Habiburokhman justru mempertanyakan kebenaran para pakar hukum yang disebut di film tersebut. Dia menyangsikan dugaan kecurangan yang dialamatkan ke pasangan calon nomor urut 02 Prabowo Subianto-Gibran Rakabuming Raka tersebut.
“Di negara demokrasi semua orang memang bebas menyampaikan pendapat. Namun, perlu kami sampaikan bahwa sebagian besar yang disampaikan film tersebut adalah sesuatu yang bernada fitnah, narasi kebencian yang bernada asumtif, dan sangat tidak ilmiah,” tegasnya di Media Center TKN, di Jakarta Selatan pada Minggu 11 Februari 2024.
Dikatakan oleh Habiburokhman bahwa film Dirty Vote sengaja dibuat untuk mendegradasi penyelenggaraan Pemilu 2024. Itu dilihat dari tuduhan-tuduhan yang disampaikan dalam film yang dianggap sangat tidak berdasar.
TKN belum Ambil Langkah Hukum
Tetapi pihak TKN Prabowo-Gibran hingga sekarang ini belum mengambil langkah hukum.
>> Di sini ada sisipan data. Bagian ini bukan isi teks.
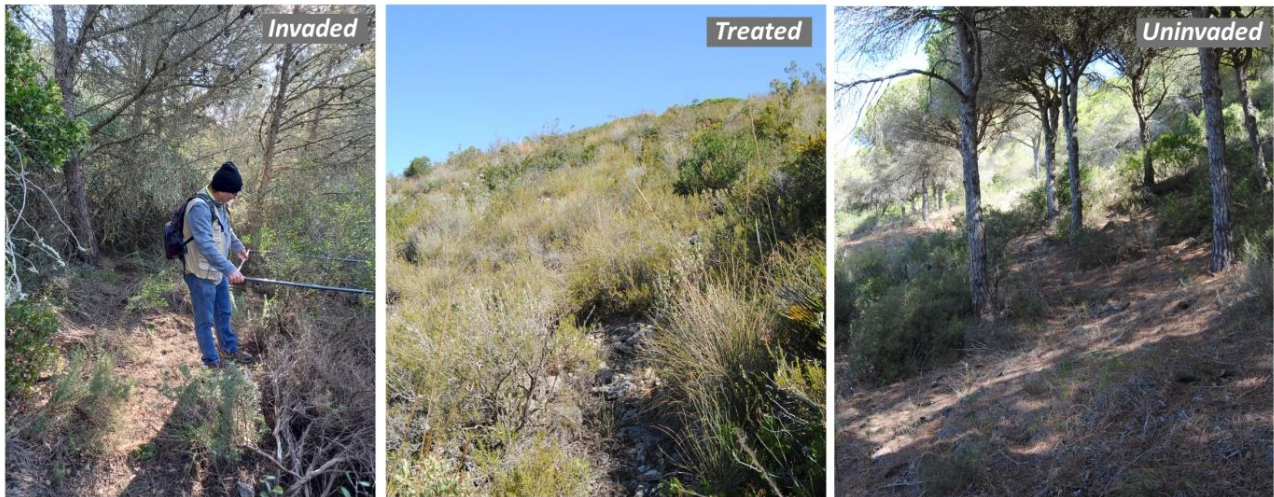
Figure 2. Pictures of the three plot types analysed: Invaded with Pinus halepensis , treated (three years after pine removal) and uninvaded.

treated plot (ca. 2,000 m 2 ) used for assessing perennial plant recovery, seedling density analysis was extended throughout the entire treated area (22.4 ha) by a systematic search. Quadrats (1 x 1 m) were placed along twenty 250 m-long linear transects (i.e., 250 quadrats per transect), that were distributed across the treated area (total sampling effort = 5,000

Karena pekerjaan besar yang ada sekarang ini, lebih terkonsentrasi untuk pemungutan suara yang akan digelar Rabu 14 Februari 2024 lusa.
“Kami konsentrasi pengamanan pencoblosan. Kami cadangkan dulu hak-hak kami untuk melakukan langkah hukum," ujar Wakil Ketua Komisi III DPR RI ini.
Sebelumnya, koalisi masyarakat sipil merilis film dokumenter tentang desain kecurangan pemilu. Dokumenter berjudul “Dirty Vote” tayang hari ini mengambil momentum 11.11, yaitu tanggal 11 Februari bertepatan hari pertama masa tenang pemilu dan akan disiarkan pukul 11.00 WIB di kanal Youtube.
Dirty Vote persisnya dokumenter eksplanatori yang disampaikan oleh tiga ahli hukum tata negara yang membintangi film ini. Mereka adalah Zainal Arifin Mochtar, Bivitri Susanti, dan Feri Amsari. Ketiganya menerangkan betapa berbagai instrumen kekuasaan telah digunakan untuk tujuan memenangkan pemilu sekalipun prosesnya menabrak hingga merusak tatanan demokrasi.
Penggunaan kekuasaan yang kuat dengan infrastruktur yang mumpuni, tanpa malu-malu dipertontonkan secara telanjang di hadapan rakyat demi mempertahankan status quo. Tentu saja penjelasan ketiga ahli hukum ini berpijak atas sejumlah fakta dan data. Bentuk-bentuk kecurangannya diurai dengan analisa hukum tata negara.
Sederhananya menurut Bivitri Susanti, film ini sebuah rekaman sejarah tentang rusaknya demokrasi negara ini pada suatu saat, di mana kekuasaan disalahgunakan secara begitu terbuka oleh orang-orang yang dipilih melalui demokrasi itu sendiri.
"Bercerita tentang dua hal. Pertama, tentang demokrasi yang tak bisa dimaknai sebatas terlaksananya pemilu, tapi bagaimana pemilu berlangsung. Bukan hanya hasil penghitungan suara, tetapi apakah keseluruhan proses pemilu dilaksanakan dengan adil dan sesuai nilai-nilai konstitusi. Kedua, tentang kekuasaan yang disalahgunakan karena nepotisme yang haram hukumnya dalam negara hukum yang demokratis,” katanya.